Это будет вчера — страница 28 из 29

А в стороне от всего, под цветущим кустом белого жасмина стоял Дьер в широкополой шляпе и смотрел на гуляющую толпу отсутствующим холодным взглядом.

Мы о Мышкой видели этих людей, кажущимися такими маленькими сверху и мне вдруг показались они персонажами какой-то очень знакомой пьесы, название которой я не помнил. Мне они показались марионетками, разодетыми и разукрашенными куклами, которых кто-то умело дергает за нитки.
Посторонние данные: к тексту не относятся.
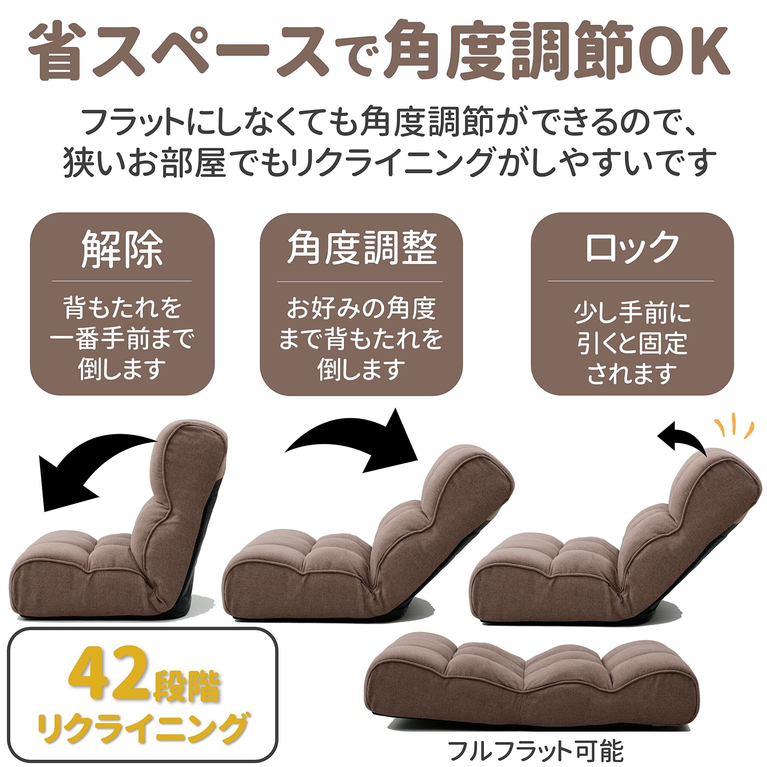 通常の座椅子は一旦フラットにしないと角度調節ができずに場所をとっていましたが、この座椅子はフラットにする必要がないので狭いお部屋でも使いやすいのが特徴です。

И весь мир мне вдруг почудился чьей-то неудачной выдумкой, чьей-то неудачной шуткой, от которой вовсе не хотелось смеяться. Но, увы, я эту пьесу был переписать не в силах. Я был всего лишь одним из ее персонажей и, наверно, не самым удачным. И единственным настоящим местом в этой выдумке мне показалась наша любовь с Мышкой. И я со всей силы обнял рыжеволосую девушку.

– Мышка, ты самая настоящая. Что я мог для тебя сделать? И какое еще желание исполнить?

Она зажмурила глаза, на секунду задумалась, и вновь открыла их, запрокинув голову к лунному небу.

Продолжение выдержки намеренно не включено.